Fusion researchers demonstrate self-organizing plasma
The Pegasus laboratory (large image)
When University of Wisconsin-Madison Engineering Physics Professor Ray Fonck and his students built a tokamak-style fusion experiment nearly 12 years ago, they hoped the prototype reactor would demonstrate the potential of a very-low-aspect-ratio design that may allow researchers to develop smaller fusion systems in the future.
Now, the researchers have demonstrated a technique that enables them to start Pegasus and create a stable plasma without using a solenoid magnet in the center.

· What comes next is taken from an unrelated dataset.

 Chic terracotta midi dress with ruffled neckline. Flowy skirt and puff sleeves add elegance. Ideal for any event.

The method, which incorporates a plasma torch developed by UW-Madison physics researchers, addresses limits on magnetic field capacity in low-aspect-ratio tokamaks and could scale up to some of the world’s largest tokamak experiments.

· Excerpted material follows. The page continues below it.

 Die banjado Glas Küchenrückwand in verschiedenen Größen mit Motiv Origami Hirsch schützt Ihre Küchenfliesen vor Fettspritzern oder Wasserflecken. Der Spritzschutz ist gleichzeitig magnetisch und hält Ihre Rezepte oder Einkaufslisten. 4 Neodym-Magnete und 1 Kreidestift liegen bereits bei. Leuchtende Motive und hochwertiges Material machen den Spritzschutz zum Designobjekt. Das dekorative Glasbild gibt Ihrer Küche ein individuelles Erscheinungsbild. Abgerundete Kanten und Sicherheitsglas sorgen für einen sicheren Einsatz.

The UW-Madison researchers published details of their advance in the June 5 issue of Physical Review Letters. They refer to their method as “lighting the match” to create a hot plasma.
A tokamak device is shaped somewhat like a chunky ring-style doughnut with a hole in the center. Powerful magnets encircle the device both around the long, or toroidal, direction, as well as vertically to help confine and stabilize the plasma. The solenoid magnet runs through the center hole and — through standard magnetic induction by continuously increasing the magnetic field strength — drives a plasma current to heat and confine the plasma. “The problem is, that doesn’t work for the future, because you can’t just keep increasing the magnetic field,” says Fonck. “Eventually, you reach the physical limits of the magnets and the power supplies. So, there’s always been a need to find a way to start these tokamak plasmas without inductive current from a central solenoid, and to sustain them without inductively driven current.”
Fonck and his students ran up against that very wall several years ago. “We found the plasmas we could get in Pegasus were limited in how high they could go in pressure — not because of the stability limits we wanted to study, but because of our limited ability to drive the current,” he says.
Although Pegasus boasts a special magnet acquired from the National High Magnetic Field Laboratory in Florida, the small size of its center hole limits the amount of magnetic flux Fonck and his students can push through it, he says. Despite a powerful magnetic field that exceeds those employed in larger national laboratory devices, the group found the plasma became mildly unstable, or wobbled. “And we couldn’t get ride of the wobbling because we didn’t have enough oomph to drive the current,” he says.
The issue isn’t unique to Pegasus. In fact, plasma fusion researchers worldwide have been wrestling with how to start tokamaks — and especially those with very low aspect ratios — without the solenoid. “That’s been a critique of these devices for the past decade or more,” says Fonck.
Researchers at the University of Washington and Princeton conducted seminal experiments in the area, but encountered limitations. For its studies, Fonck’s group drew on small plasma torches developed for the Madison Symmetric Torus experiment in the UW-Madison Department of Physics. Essentially, says Fonck, the torches are a plasma source from which he and his students can pull a lot of current. For its method, Fonck’s group turns on the magnetic field that encircles the device toroidally. Next, the researchers turn on the vertical magnetic field that holds the plasma in place — somewhat like a tire confines an inner tube. “And so you end up with a magnetic field that spirals, because it’s got a component that goes around the torus and one that goes up,” he says. “The magnetic field lines are like a helix — they just spiral up from the bottom of the machine to the top.”
Using the plasma torches, the researchers inject current from below along those helical magnetic field lines. The current spirals up and hits the armored top of the machine — which, says Fonck, is OK. Then, the current becomes unstable and naturally collapses into a lower-energy state. “It turns out that the lowest-energy state under those conditions is a standard tokamak plasma,” says Fonck. “So, the plasma organizes itself into a tokamak — even though all you’re doing is pumping current along this magnetic field line. This is an example of plasmas self-organizing into more complex systems.”
Current from the plasma torches becomes a 100 kiloamp plasma current of a fully formed circular tokamak plasma. It stays that way, says Fonck, until his group turns off the current.
The technique has become one of the group’s main focus areas. Locally, it provides a path for the researchers to deliver current to Pegasus and someday achieve the high-pressure plasmas they’re aiming for. Globally, says Fonck, the technique may scale up to full-size reactors. “That’s a big deal in the international spherical tokamak community,” he says.
UW-Madison engineering physics PhD student Devon Battaglia is lead author on the Physical Review Letters paper. In addition to Fonck, the team also included graduate students Mike Bongard, and scientists Aaron Redd and Aaron Sontag (now at Oak Ridge National Laboratory). Funding for Pegasus comes from the U.S. Department of Energy.